TASK: Your output should be the exact lines from the start of the data through the line containing "Washington—The City Beautiful, Pennsylvania", with no pictures.

DATA PROVIDED:
-----

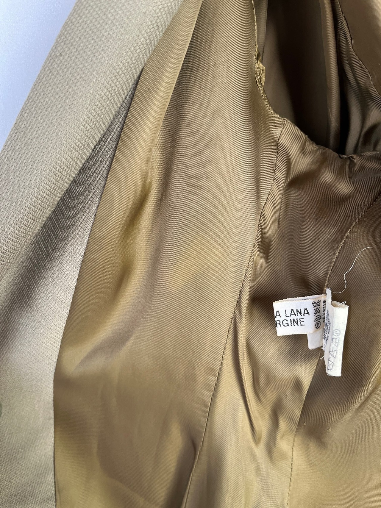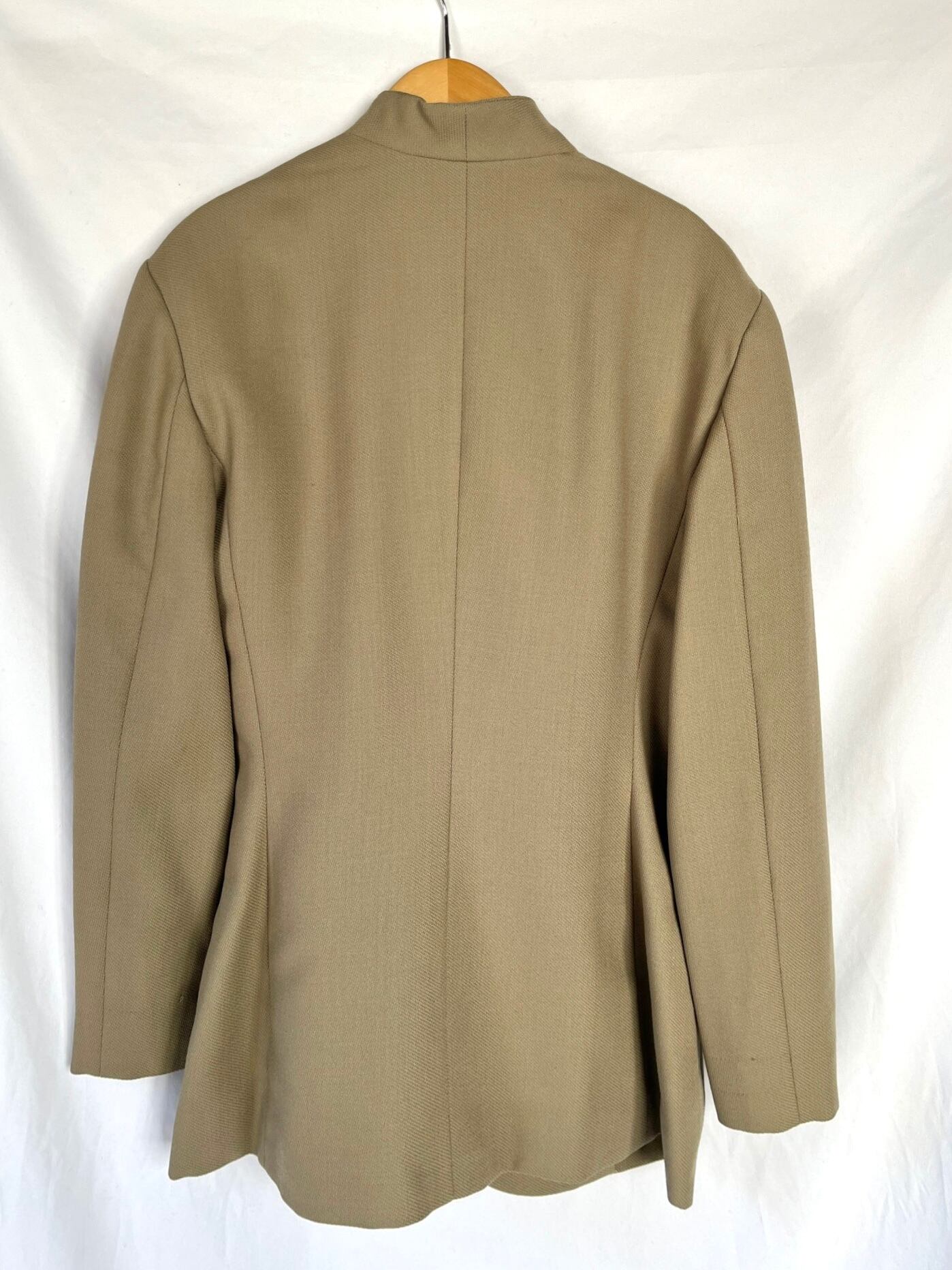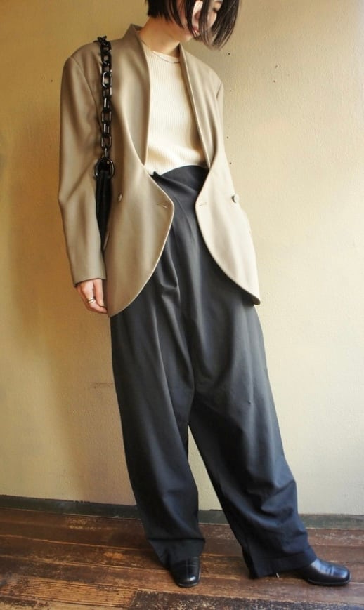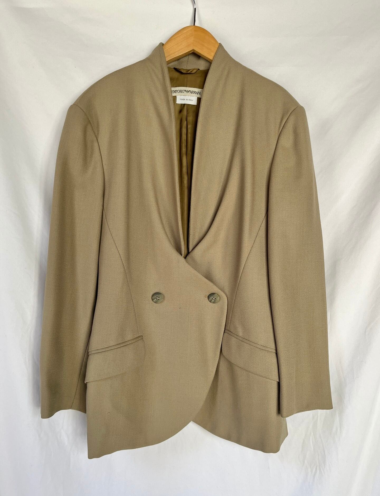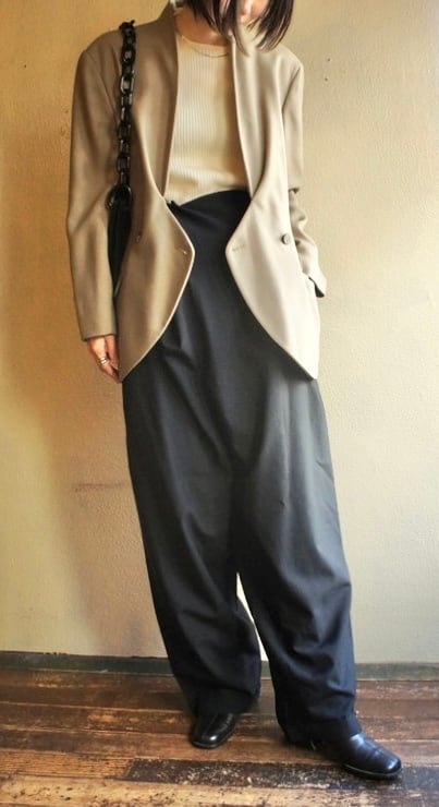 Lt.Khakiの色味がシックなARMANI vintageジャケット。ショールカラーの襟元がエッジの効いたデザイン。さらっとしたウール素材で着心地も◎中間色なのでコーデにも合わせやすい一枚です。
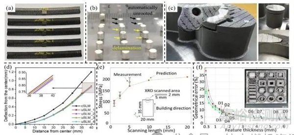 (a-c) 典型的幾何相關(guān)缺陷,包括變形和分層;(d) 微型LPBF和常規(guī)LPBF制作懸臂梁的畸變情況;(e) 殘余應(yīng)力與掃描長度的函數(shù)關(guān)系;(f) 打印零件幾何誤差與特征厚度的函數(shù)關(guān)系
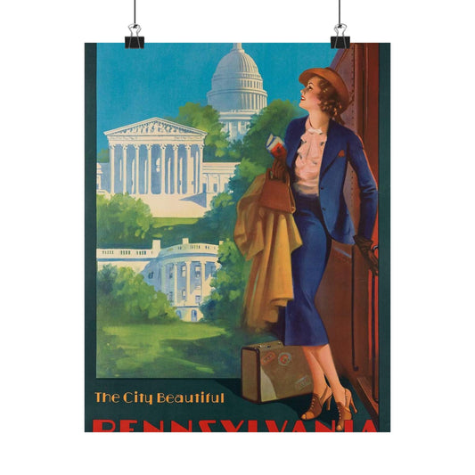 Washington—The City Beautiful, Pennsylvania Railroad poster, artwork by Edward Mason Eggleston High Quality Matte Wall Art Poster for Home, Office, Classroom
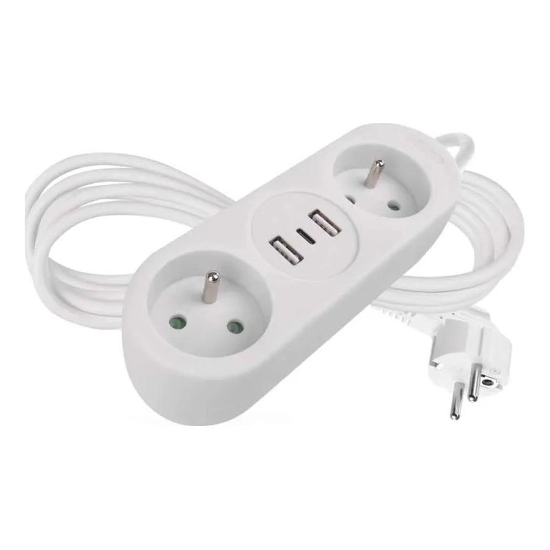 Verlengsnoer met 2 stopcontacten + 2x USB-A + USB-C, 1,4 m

-----

ANSWER BOX:
 Lt.Khakiの色味がシックなARMANI vintageジャケット。ショールカラーの襟元がエッジの効いたデザイン。さらっとしたウール素材で着心地も◎中間色なのでコーデにも合わせやすい一枚です。
 (a-c) 典型的幾何相關(guān)缺陷,包括變形和分層;(d) 微型LPBF和常規(guī)LPBF制作懸臂梁的畸變情況;(e) 殘余應(yīng)力與掃描長度的函數(shù)關(guān)系;(f) 打印零件幾何誤差與特征厚度的函數(shù)關(guān)系
 Washington—The City Beautiful, Pennsylvania Railroad poster, artwork by Edward Mason Eggleston High Quality Matte Wall Art Poster for Home, Office, Classroom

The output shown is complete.